In the rare case that exceptions from this rule are needed, they will be documented in the Change log.
Occasionally functionality needs to be retired, because it is flawed and a better but incompatible replacement has emerged. In the nocasedict project, such changes are done by deprecating existing functionality, without removing it immediately.
The deprecated functionality is still supported at least throughout new minor or patch releases within the same major release. Eventually, a new major release may break compatibility by removing deprecated functionality.
Any changes at the APIs or commands that do introduce incompatibilities as defined above, are described in the Change log.
Deprecation of functionality at the APIs or commands is communicated to the users in multiple ways:
It is described in the documentation of the API or command
It is mentioned in the change log.
It is raised at runtime by issuing Python warnings of type
DeprecationWarning
(see the Pythonwarnings
module).
Since Python 2.7, DeprecationWarning
messages are suppressed by default.
They can be shown for example in any of these ways:
By specifying the Python command line option:
-W default
By invoking Python with the environment variable:
PYTHONWARNINGS=default
It is recommended that users of the nocasedict project
run their test code with DeprecationWarning
messages being shown, so they
become aware of any use of deprecated functionality.

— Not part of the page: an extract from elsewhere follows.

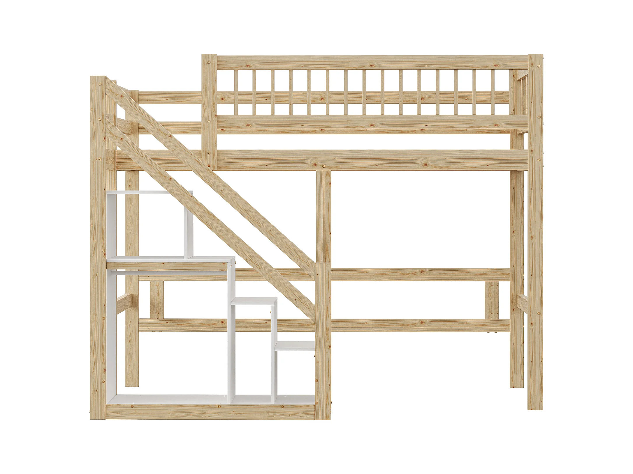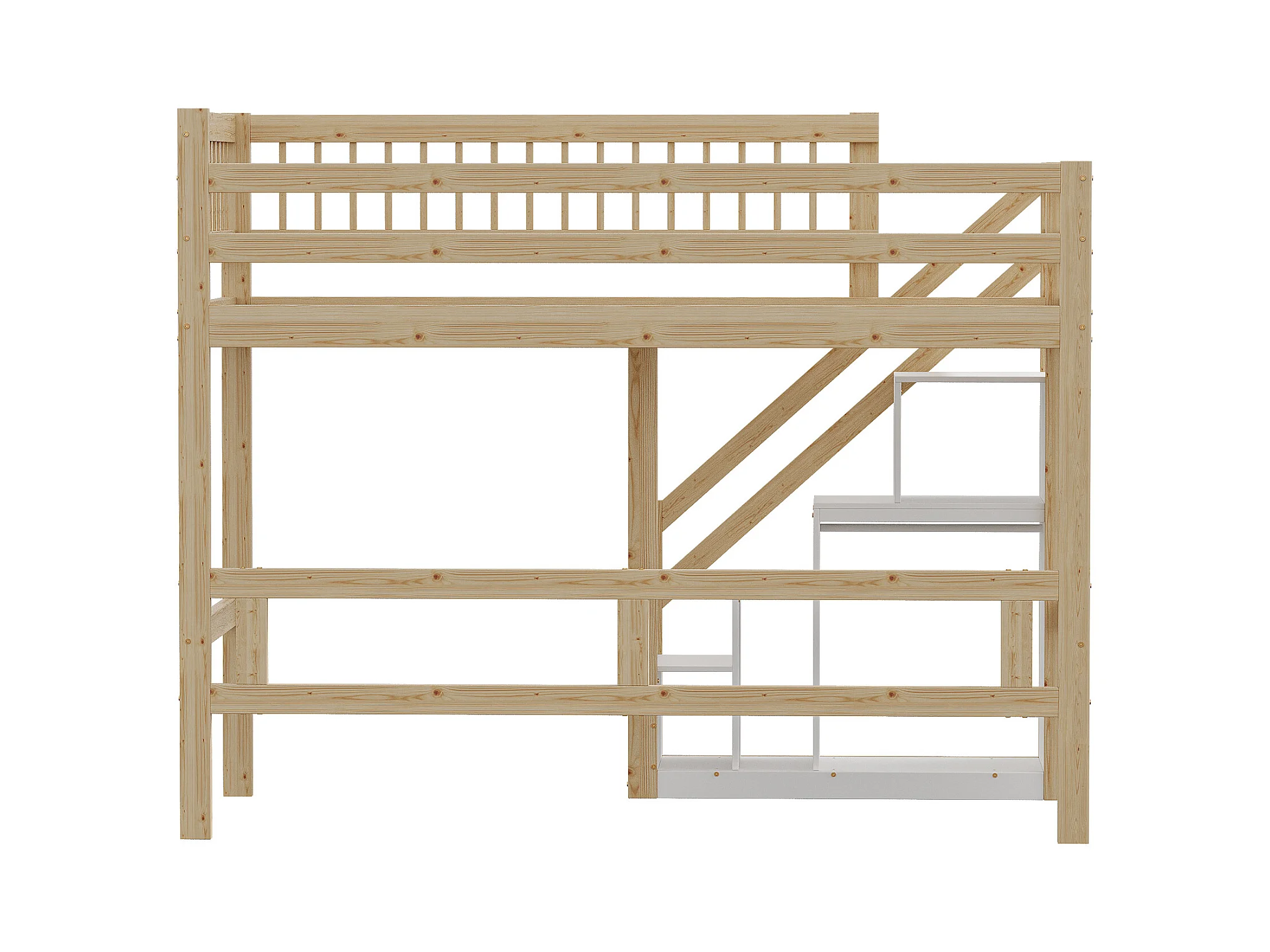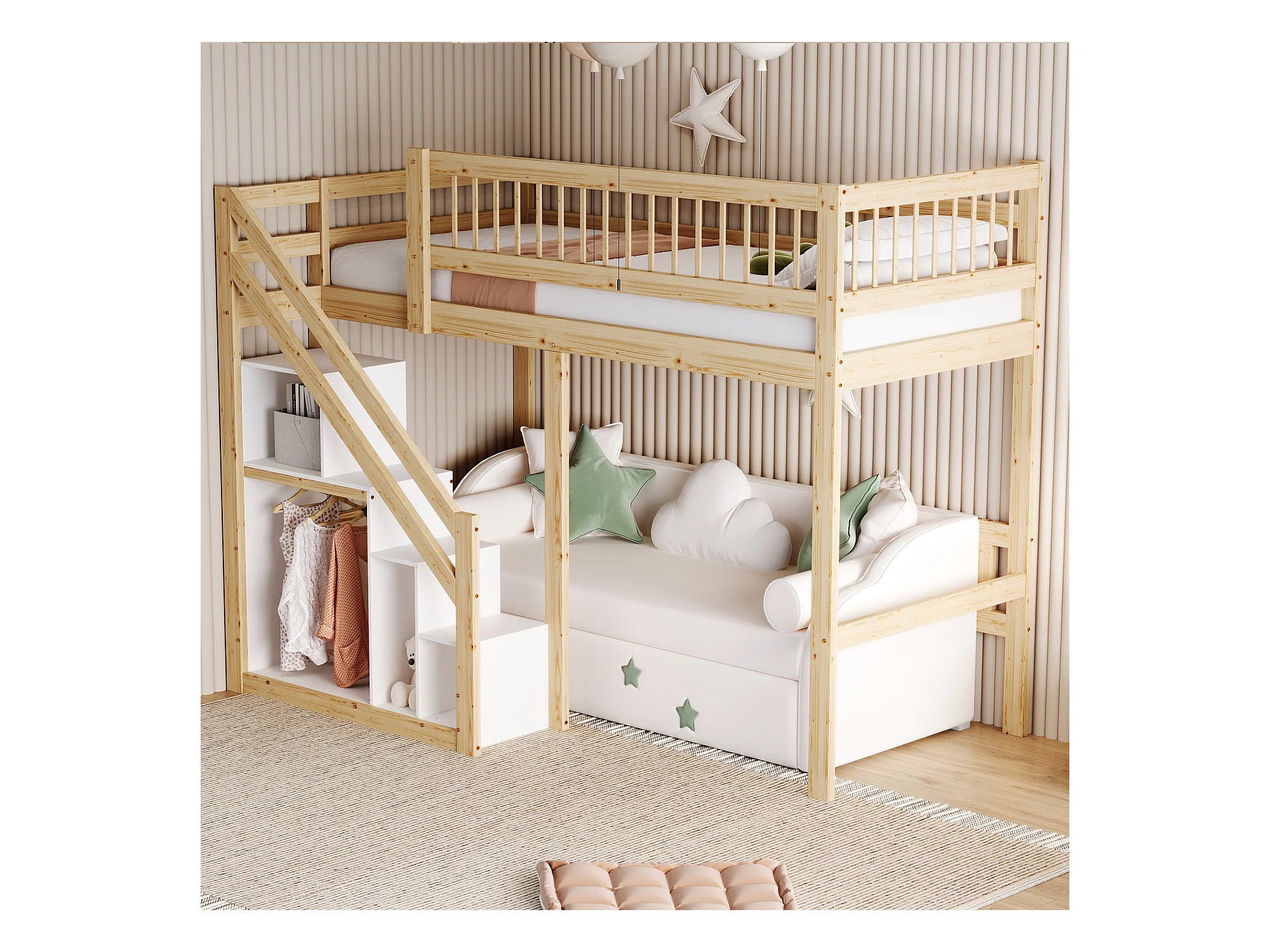 Cama alta 90 x 200 cm con armario - Madera maciza + MDF - Natural y blanco (sin colchón)

Here is a summary of the deprecation and compatibility policy used by the nocasedict project, by version type:
New patch version (M.N.P -> M.N.P+1): No new deprecations; no new functionality; backwards compatible.
New minor release (M.N.P -> M.N+1.0): New deprecations may be added; functionality may be extended; backwards compatible.
New major release (M.N.P -> M+1.0.0): Deprecated functionality may get removed; functionality may be extended or changed; backwards compatibility may be broken.